Washburn High School is a four-year public high school serving grades 9–12 in the Tangletown neighborhood of Minneapolis, Minnesota, United States. By enrollment, Washburn is the second-largest high school in Minneapolis Public Schools.

History 
Washburn High School was built in 1925 to meet the demands of the growing South Minneapolis neighborhood. Construction for the new three-story building began in 1924 after the Minneapolis Board of Education purchased unused land in Washburn Park. Land next to the school was occupied by the Washburn Memorial Orphan Asylum, now torn down and replaced with Justice Page Middle School (formerly Ramsey Middle School). Washburn is in southern Minneapolis's Tangletown neighborhood, at 201 West 49th Street.

Washburn opened on September 8, 1925, to 1,031 students. When it opened, it served grades 7–10 and added one year each year for the next two years. It served middle school and high school students until 1929. It became very popular, and by 1931, 2,370 students attended the school built for 1,500. The school has been expanded several times to meet the high enrollment.

The school is conventionally named after Cadwallader C. Washburn. When the school was presented to the school board it was called William D. Washburn High School, in reference to Cadwallader's brother, but naming the school after William is thought to be an error. The school has been heavily influenced by Minneapolis's milling empire. Its newspaper, The Grist, involves milling terminology; the school's colors, blue and orange, were those of Gold Medal Flour, a company partly run by the Washburn family and a predecessor to General Mills; and the athletic teams' nickname is the Millers.

Campus 

Washburn is on a 4½-city block parcel bordered by West 49th and 50th streets on the north and south and Nicollet Ave. S. and Pleasant Ave. S on the east and west. Justice Page Middle School shares this parcel of land, with Washburn taking 2/3 of the space. In between the schools is A. E. MacQuarrie Field, which hosts football, soccer, lacrosse, and track and field competitions. In addition, the area between the school and field is a green space known as The Mall. Youth soccer teams, specifically the Fuller Soccer program from a neighboring park, use The Mall for games on weekends.

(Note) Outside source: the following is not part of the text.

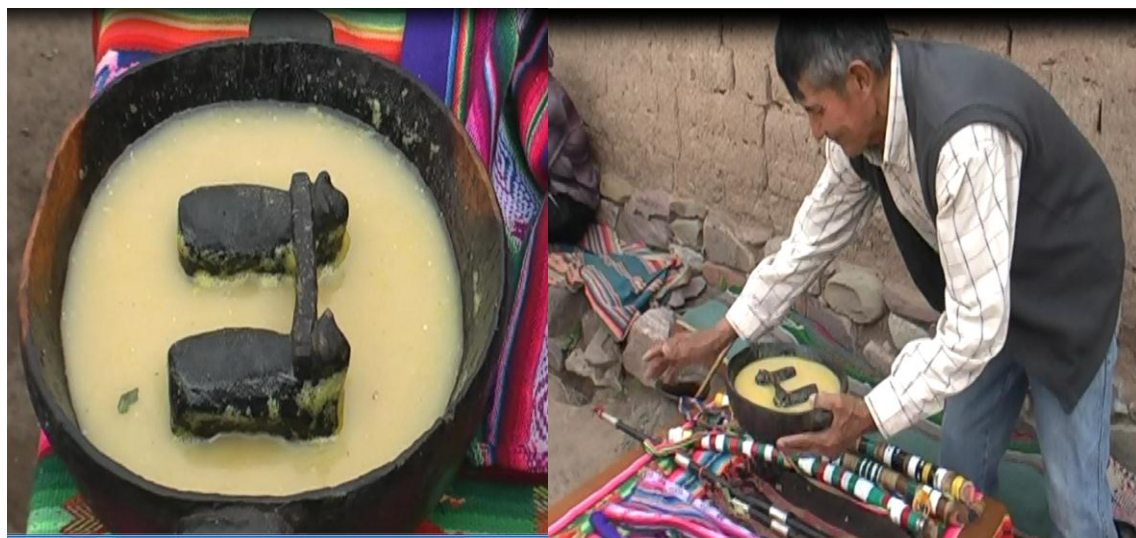
Símbolo: Challa en raimé de carnaval – Alegría por la madre tierra que produce para los ayllus de Jatun Ayllu Yura

A tunnel under MacQuarrie Field connects the east side of Washburn and the west side of Page. It transports heating and air conditioning between the schools. During the winter, snow melts directly above the tunnel due to the steam pipes within showing the tunnel's location. Decades ago, students used the tunnel during the winter when overcrowding forced Washburn to hold classes in Ramsey.

Demographics
The demographic breakdown of the 1,960 students enrolled in 2021-22 was:
Male – 53%
Female – 47%
Native American/Alaskan – 0.9%
Asian/Pacific islanders – 3.5%
Black – 20.5%
Hispanic – 14.7%
White – 58.1%
Multiracial – 2.3%

31% of the students were eligible for free or reduced cost lunch. This is a Title I school.

Staff 
Emily Lilja Palmer, formerly of Sanford Middle School, was named the principal on July 2, 2018.

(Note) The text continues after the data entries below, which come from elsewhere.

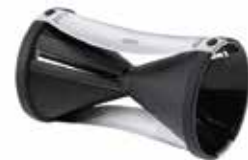
Spiral slicer SPIRELLI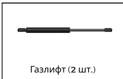
Газлифт (2 шт.)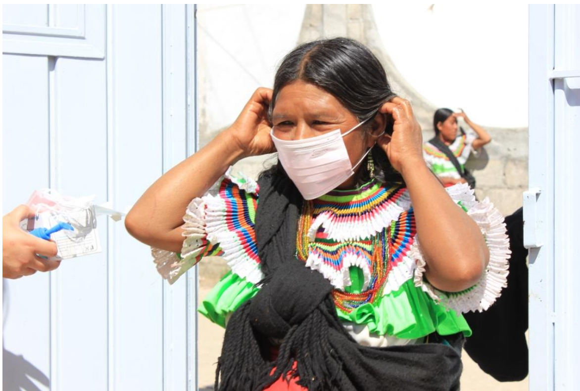
Debido al contexto sanitario por COVID-19 se implementaron los protocolos sugeridos por la Organización Mundial de la Salud.

El trabajo con las infancias fue lúdico y los resultados de tipo cualitativo. En estas actividades participaron 28 niños y niñas de entre 7 y 12 años de las comunidades de Alcozacán, Tula Guerrero, San Jerónimo Palantla, Xicotlán y Acahuehuetlán. El objetivo del acompañamiento psicosocial a niños y niñas en contextos de violencia es acercarnos a su pensar, sentir y hacer. Algunas preguntas eje de trabajo fueron ¿Cómo es que perciben a los adultos y su entorno? ¿Qué explicación se dan sobre lo que pasa? ¿Cómo ha cambiado su vida, su cuerpo? ¿Cuál es su lucha? ¿Qué quieren ellos y ellas?

During the 2020–21 school year, Washburn employed 139 staff members, of whom 81 were teachers. The student to teacher ratio was 20:1, with an October 1 student count of 1,689.

Past principals

Curriculum

College-credit opportunities 
Washburn has an International Baccalaureate Diploma Programme (IBDP) for juniors and seniors. It also offers Advanced Placement (AP) and Career and Technical Education (CTE) classes for 9th- through 12th-grade students to earn college credit free of charge. It uses schoolwide advisory programs to form relationships for each student. In addition, Washburn students can apply for and enroll in PSEO classes at the University of Minnesota, Minneapolis Community and Technical College, Concordia University, Normandale Community College, Dunwoody College of Technology, and North Central University.

Bilingual support

Washburn offers bilingual support for students and families in Spanish and Somali, and English as a Second Language (ESL) support is also available.

World languages and fine arts

Washburn offers four world languages: Arabic, American Sign Language (ASL), French, and Spanish. The school also offers jazz band, concert band, orchestra, concert choir, and pop choir, as well as its varsity choir, Miller Voices.

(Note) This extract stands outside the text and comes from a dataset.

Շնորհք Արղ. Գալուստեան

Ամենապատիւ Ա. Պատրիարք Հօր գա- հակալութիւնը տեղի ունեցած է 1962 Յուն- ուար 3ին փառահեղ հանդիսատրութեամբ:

Extracurricular activities 
In line with Washburn's three pillars of academics, arts and athletics, there are many opportunities in these areas in and beyond the classroom.

Athletics

Washburn is a member of the Minnesota State High School League and offers Boys and Girls varsity level sports, including:

 Boys' athletics
 Baseball
 Basketball
 Cross country running
 Cross country skiing
 Football
 Golf
 Hockey (Citywide team)
 Lacrosse (Citywide team)
 Soccer
 Swimming
 Tennis
 Track and field
 Wrestling
 Girls' athletics
 Badminton
 Basketball
 Cross country running
 Cross country skiing
 Golf
 Gymnastics
 Hockey (Citywide team)
 Lacrosse (Citywide team)
 Soccer
 Softball
 Swimming
 Tennis
 Track and field
 Volleyball
 Wrestling

Theater
Washburn offers Blackbox theater classes, which give performances of student-created works, and after-school productions that are open to all students. Washburn productions typically include a musical in the fall, a larger Spotlight production in the winter, and a straight play or musical in the spring. Washburn also participates in the MSHSL One-Act Play competition.

Clubs
Washburn students have a variety of opportunities to participate in extracurricular activities, which take place before and after school. Notable organizations include Model UN, ACE (Architecture-Construction-Engineering), Amnesty International, Art Club, Book Club, College Club, Community Service Club, Dare 2 Be Real, Debate, Feminism Club, Green Team, The Grist newspaper, GSA, Knitting Club, Math Team, Mountain Biking Team, National Honor Society (NHS), Native Club, the Odyssey magazine, Otaku Club, Philosophy Club, FIRST Robotics Team, Marine Scuba Club, Silver Ribbon Club, Student Council, Teen Council, TRiO Educational Talent Search, and Urban Farm.

Fresh start 

In March 2008, the Minneapolis Board of Education announced that Washburn would be one of two high schools in the Minneapolis Public Schools Fresh Start program. Along with Edison High School, Washburn hired new teachers and staff and examined its curriculum. These changes were part of a nine-point plan by the Minneapolis school board to alleviate budget problems and prepare 80% of graduates for college. Principal Carol Markham-Cousins returned to lead the school, with the rest of the teaching staff required to apply for rehire or as new to the building.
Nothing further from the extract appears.